Data shown:
○ ○ ○ ○ ○
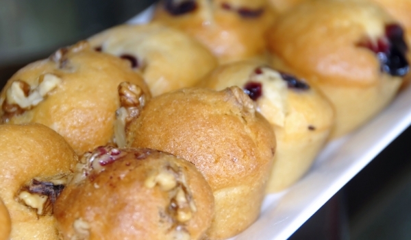 Разбийте мекото масло със захарта на гладък и пухкав крем. Добавете яйцата едно по едни, като разбивате хубаво след всяко. Пресейте брашното с бакпулвера и го добавете на порции към сместа. Накрая до...
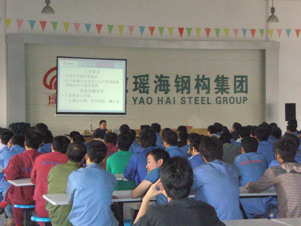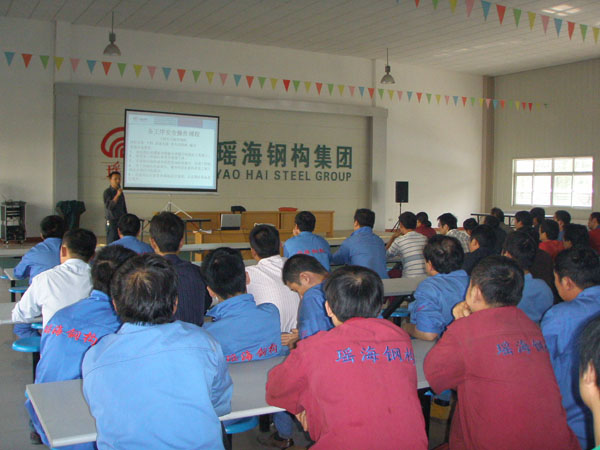 2011年10月10日,由公司質安部組織的安全生產培訓會議在公司多功能廳如期舉行,質安部經理高健主持培訓。生產部全體員工參加了此次的培訓,培訓內容主要針對在生產過程中的操作要求、操作規程以及注意事項。如下料車間要求在上崗前必須穿工作服、戴工作帽、穿勞保鞋、戴手套以及防護口罩,同時嚴格按照操作規程進行操作以確保安全。剪板車間必須要有專人負責管理,開機時必須先空轉一個循環,在確保一切正常的情況下再進行下步操作。鉆床車間必須檢查是否有鉆夾頭鑰匙或斜鐵插在主軸上;工件必須夾緊,鉆孔時不可用手、棉紗或用嘴吹來清除切削,必須用毛刷清除。同時對于氣保焊班組、拋丸組等相關的操作規程和注意事項都給予一一講解。最后針對行車的安全操作及注意事項,高經理給予詳細介紹:1、超過額定負荷不吊,2、工作場地昏暗,無法看清場地或指揮不明不吊,3、吊繩和附件捆縛不牢,不符合安全要求不吊,4、行車吊掛重物直接進行加工的不吊,5、歪拉斜掛不吊,6、工件上站人或放油活動物品的不吊,7、氧氣瓶、乙炔罐等具有爆炸性危險的物品不吊,8、帶棱角、快口未墊好的物件不吊,9、重量不明不吊,埋在地下的物件不吊,10,管理人員違章指揮不吊。
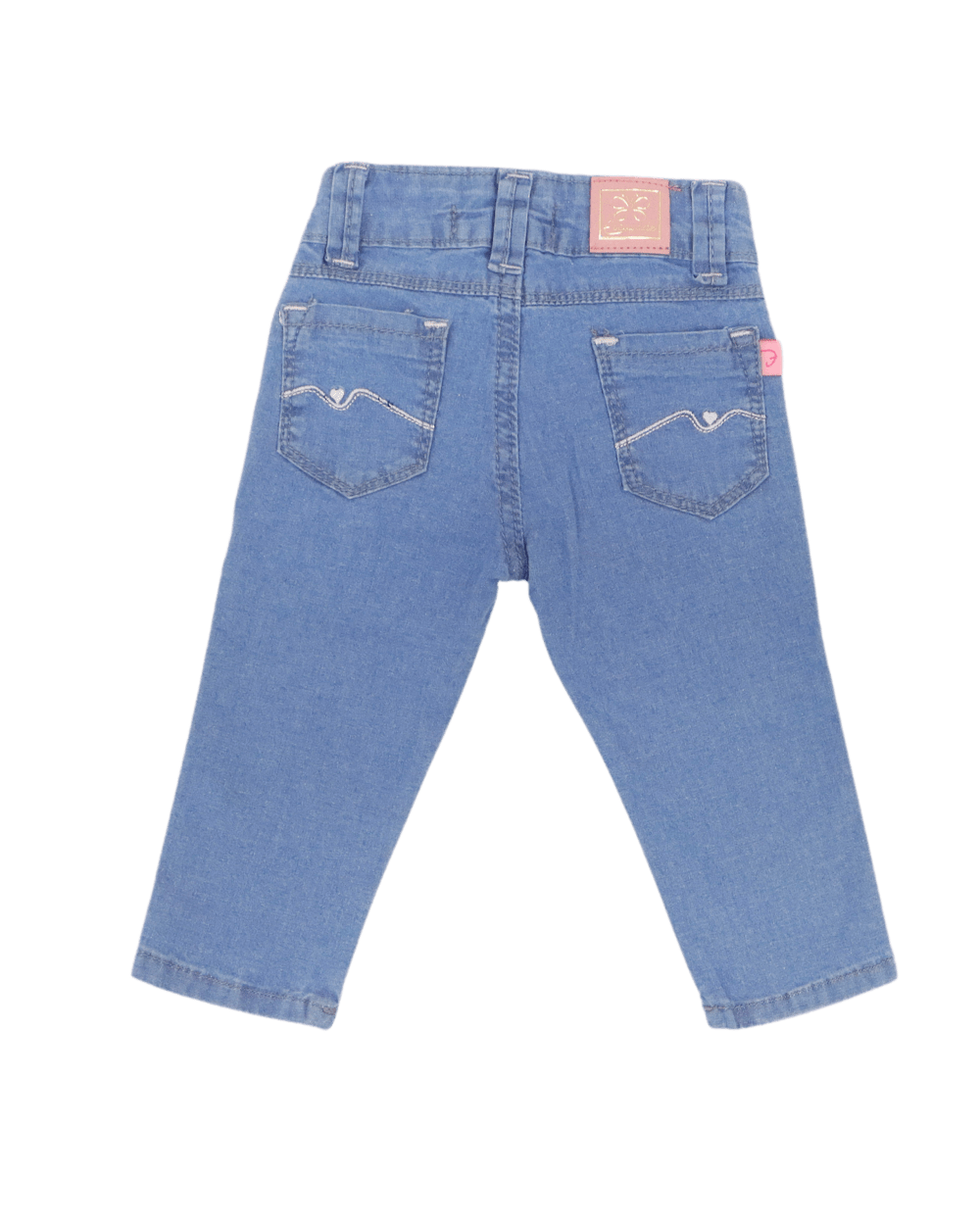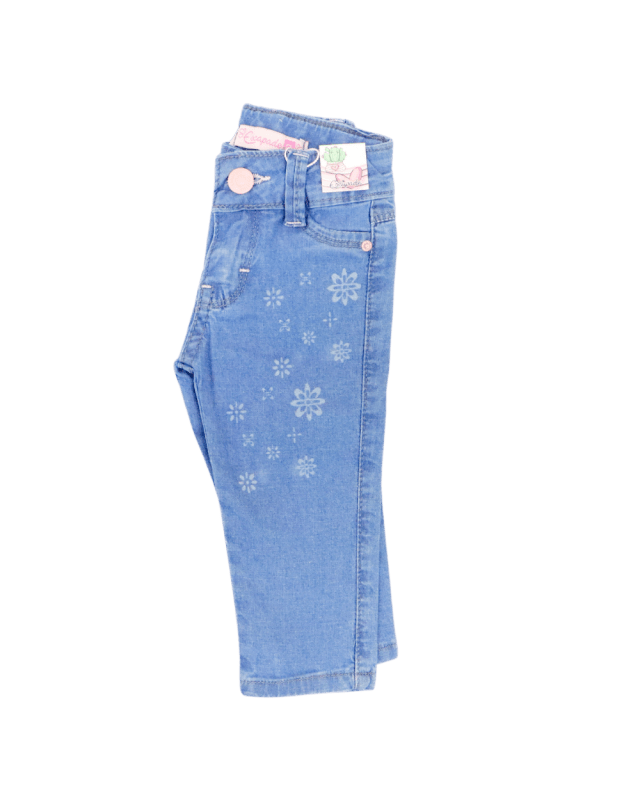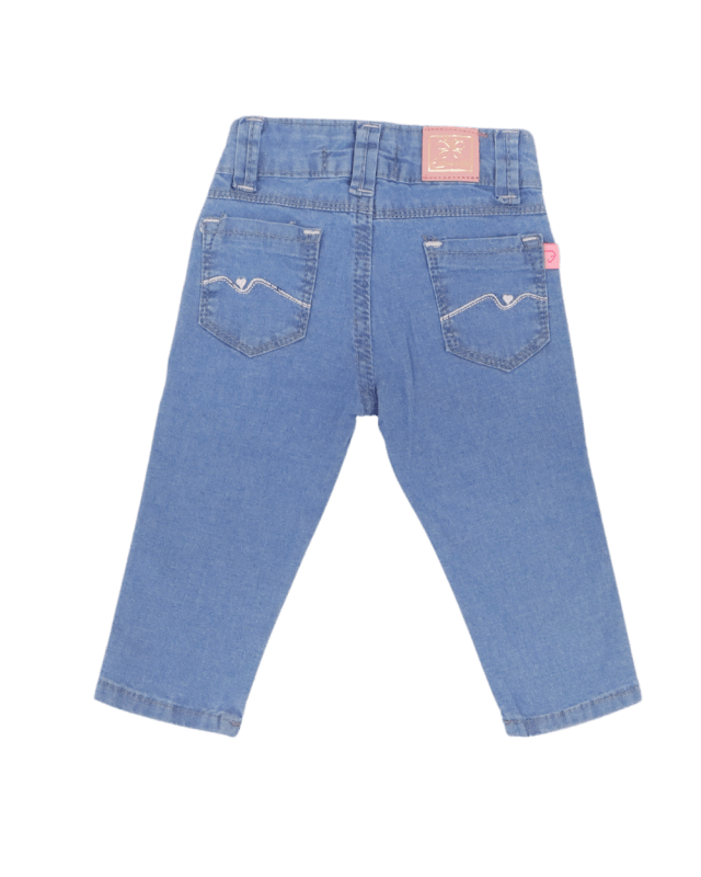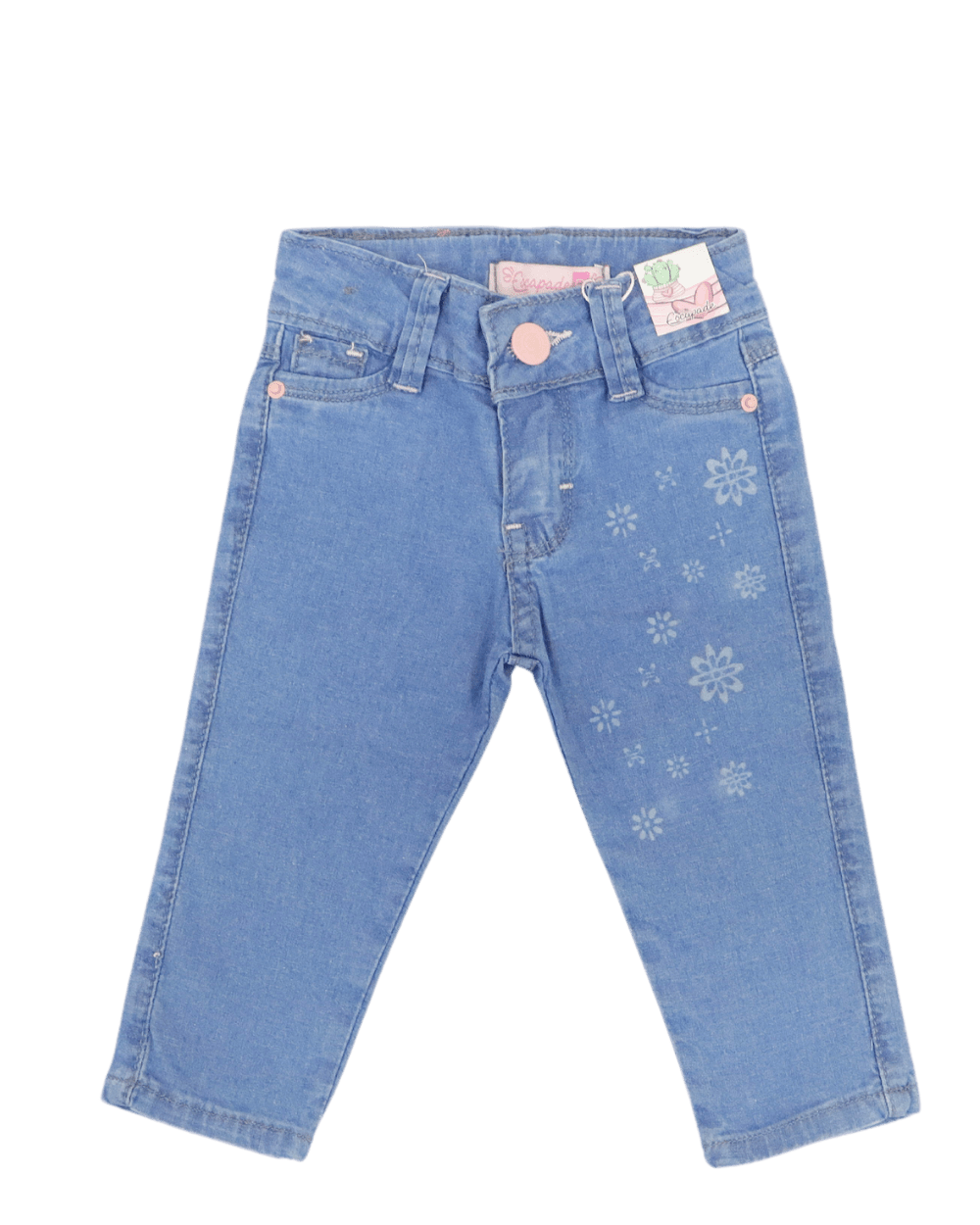 Calça Feminina, Escapade, detalhes estampado em sua perna esquerda regulagem no cós lavagem clara e barra simples.
○ ○ ○ ○ ○
Exercise: In the answer, all of the material should appear exactly as given, with no picture carried over.

Task result:
 Разбийте мекото масло със захарта на гладък и пухкав крем. Добавете яйцата едно по едни, като разбивате хубаво след всяко. Пресейте брашното с бакпулвера и го добавете на порции към сместа. Накрая до...
 2011年10月10日,由公司質安部組織的安全生產培訓會議在公司多功能廳如期舉行,質安部經理高健主持培訓。生產部全體員工參加了此次的培訓,培訓內容主要針對在生產過程中的操作要求、操作規程以及注意事項。如下料車間要求在上崗前必須穿工作服、戴工作帽、穿勞保鞋、戴手套以及防護口罩,同時嚴格按照操作規程進行操作以確保安全。剪板車間必須要有專人負責管理,開機時必須先空轉一個循環,在確保一切正常的情況下再進行下步操作。鉆床車間必須檢查是否有鉆夾頭鑰匙或斜鐵插在主軸上;工件必須夾緊,鉆孔時不可用手、棉紗或用嘴吹來清除切削,必須用毛刷清除。同時對于氣保焊班組、拋丸組等相關的操作規程和注意事項都給予一一講解。最后針對行車的安全操作及注意事項,高經理給予詳細介紹:1、超過額定負荷不吊,2、工作場地昏暗,無法看清場地或指揮不明不吊,3、吊繩和附件捆縛不牢,不符合安全要求不吊,4、行車吊掛重物直接進行加工的不吊,5、歪拉斜掛不吊,6、工件上站人或放油活動物品的不吊,7、氧氣瓶、乙炔罐等具有爆炸性危險的物品不吊,8、帶棱角、快口未墊好的物件不吊,9、重量不明不吊,埋在地下的物件不吊,10,管理人員違章指揮不吊。
 Calça Feminina, Escapade, detalhes estampado em sua perna esquerda regulagem no cós lavagem clara e barra simples.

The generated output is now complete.